A trust is another method of estate transfer. It is a fiduciary arrangement that allows a third party, or trustee, to hold assets on behalf of a beneficiary or beneficiaries. Trusts can be arranged in many ways and can specify exactly how and when the assets pass to the beneficiaries. Assets in a trust may also be able to pass outside of probate, saving time, court fees, and potentially reducing estate taxes as well.
Since trusts usually avoid probate, your beneficiaries may gain access to these assets more quickly than they might gain access to assets that are transferred using a will. Additionally, if it is an irrevocable trust, it may not be considered part of the taxable estate, so fewer taxes may be due upon your death.
Other benefits of trusts include:
Control of your wealth. The terms of a trust can be specified precisely, to control when and to whom distributions may be made. You may also set up a revocable trust so that the trust assets remain available to you during your lifetime while also designating to whom the remaining assets will pass when you die, even when there are complex situations such as children from more than one marriage.
Protection of your legacy. A properly constructed trust can help protect your estate from your heirs' creditors or from beneficiaries who may not be adept at money management.
Privacy and probate savings. Since probate is a matter of public record, a trust may allow assets to pass outside of probate and remain private. Avoiding probate may also reduce the amount lost to court fees and taxes.
Trusts can provide tax planning opportunities. Assets held in a revocable trust remain under your control during your life and so are taxed no differently than if they were owned outside of your trust. At death, certain assets are still eligible for a step-up in basis, even if they’re held in a revocable trust at the time of your death.
A trust can be created for a variety of functions, and although there are many types of trusts, there are two main categories: living and testamentary. A testamentary trust can be created using a will. You can also create a trust for the primary purpose of avoiding probate court, called a revocable living trust.
Trusts tend to be more expensive than wills to create and maintain. A trustee will be named in the document to control the assets' distribution following the trustor's wishes, according to the trust document and its mandates. This is also an effective way to control the passing of your estate beyond the grave.
Also known as a living trust, a revocable trust can help assets pass outside of probate, yet allows you to retain control of the assets during your lifetime. It is flexible and can be dissolved at any time, if necessary. It may be changed during your life (the trustor), but it typically becomes irrevocable once you die, and therefore can no longer be changed. Using a revocable living trust instead of a will means assets owned by your trust will bypass probate and flow to your heirs as you’ve outlined in the trust documents. Although a revocable trust may help avoid probate, it is usually still subject to estate taxes. It also means that during your lifetime, it is treated like any other asset you own.
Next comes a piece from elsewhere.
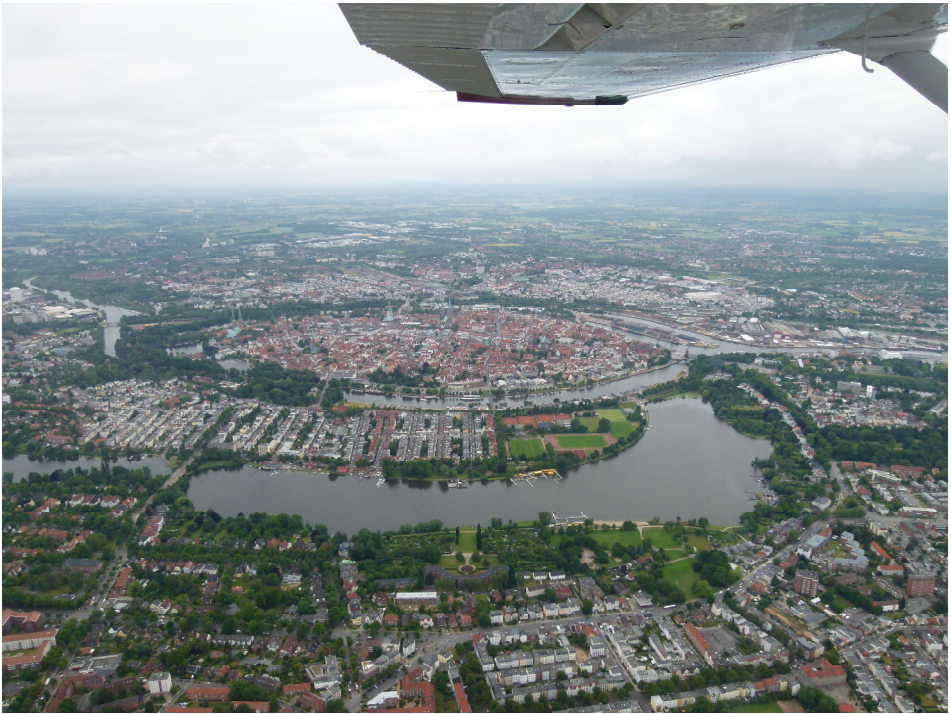
Lübeck, Altstadt inmitten der Wallanlage

Pilotenkollege mit seiner Frau auf die Cessna, um den Weiterflug Richtung Nordkap in Angriff zu nehmen. Da sie von der Schweiz mit dem Auto hierher gefahren waren, war es nur logisch und auch ein Vergnügen mit ihrem Wagen die Heimreise mit weiteren Zwischenstops in Deutschland, diesmal aber auf dem Boden, anzutreten und die sehenswerten Städte wie Lübeck, Wuppertal, Linz am Rhein, Koblenz und Freiburg im Breisgau ausgiebig zu besuchen.

Trusts can be a powerful tool to help you accomplish a wide range of goals during your lifetime and long after. Like the rest of your estate and financial plan, you’ll need to regularly revisit your strategy with your attorney and financial planner to make sure your documents match up with your current situation, goals, and laws. State laws vary significantly in the area of trusts and should be considered before making any decisions about a trust.